The race was all but decided in the final gubernatorial debate two weeks ago, when McBride, whose good-old-boy image was expected to win conservative votes in north Florida, came off looking and sounding instead like a Bubba caught in the headlights. What's more, although the national Democratic party had promised to throw epic resources into the Florida race, the Bush campaign's $30 million fund was able to outspend McBride by as much as 4 to 1. "The Republican war chest just buried us in soft money," said McBride campaign strategist Stephen Fox.

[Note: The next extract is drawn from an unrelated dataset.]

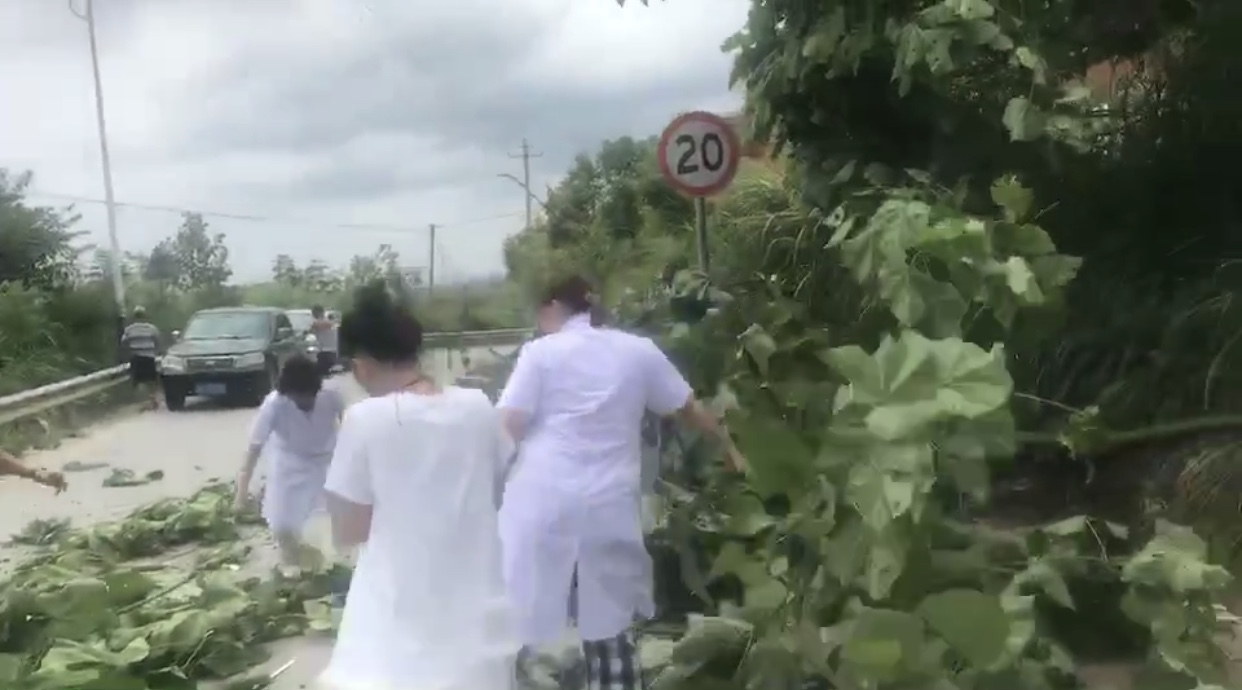 从护士陈虹羽拍摄的视频中可以看到,当时正刮着大风,天空布满了乌云,而被大风刮断的树干直接“横躺”在了山路上,旁边还洒落着许多小树枝,约4米宽的道路全部被挡住,来往的车辆无法正常通行。见到此状,司机朱伟平立马下车想办法疏通道路,并带领现场其他的司机和村民一起清理树枝,随车护士陈虹羽、龙灿和邓薇也毫不犹豫地加入到清理队伍中。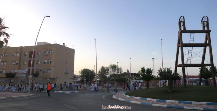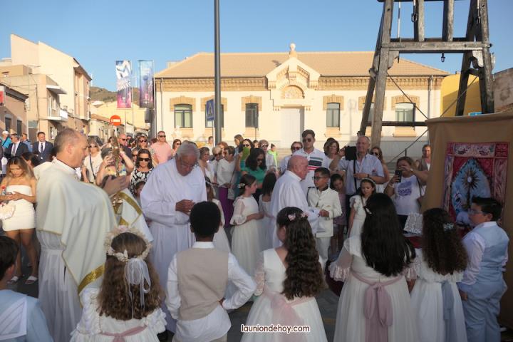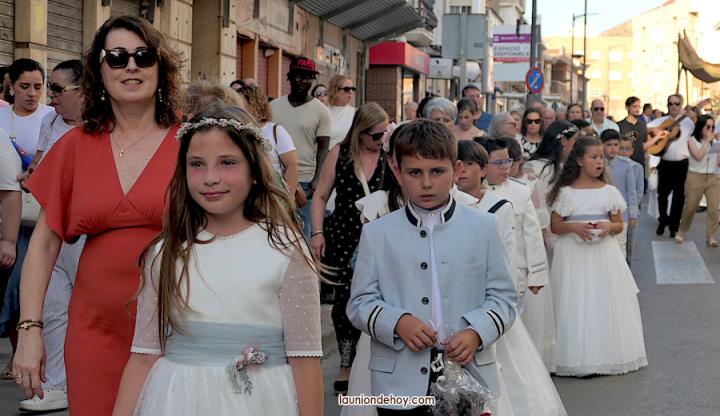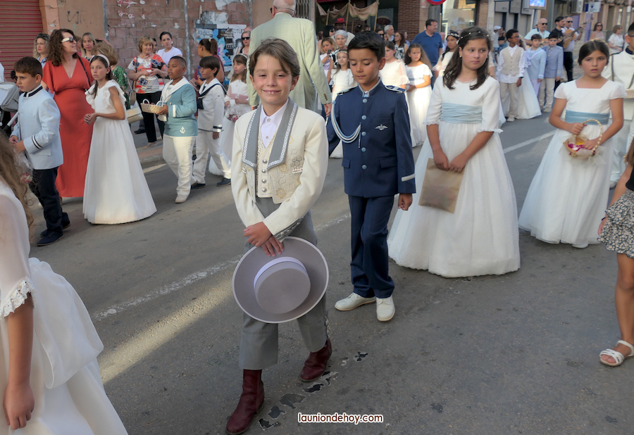 A las ocho menos cuarto se ha puesto en marcha la comida, con la cruz como estandarte y en dos filas los 28 niños (con mayoría femenina) que este año han tomado por vez primera la comunión, que lucían muy diferentes estilos de vestuarios, todos muy atractivos, siendo uno de los más singulares el de torero que ha lucido Agustín Solano, hijo del rejoneador del mismo nombre.

Not even a last-ditch campaign push across the state by Jesse Jackson and former President Bill Clinton could galvanize enough of the Democratic base to save McBride. The campaign even rallied around hundreds of detaine Haitian refugees in Miami last week in a not-so-subtle effort to raise the kind of massive black voter turnout that helped Al Gore run neck-and-neck with George W. Bush in Florida two years ago.

And yet, in losing, McBride may have scored one victory over Jeb. After conceding the election , he insisted that his education-centric campaign had at least "moved [Florida's] agenda to the right place" — and he seemed to be borne out as a ballot initiative mandating limits on Florida school class sizes, a measure Jeb opposed as too expensive, seemed headed toward a narrow victory.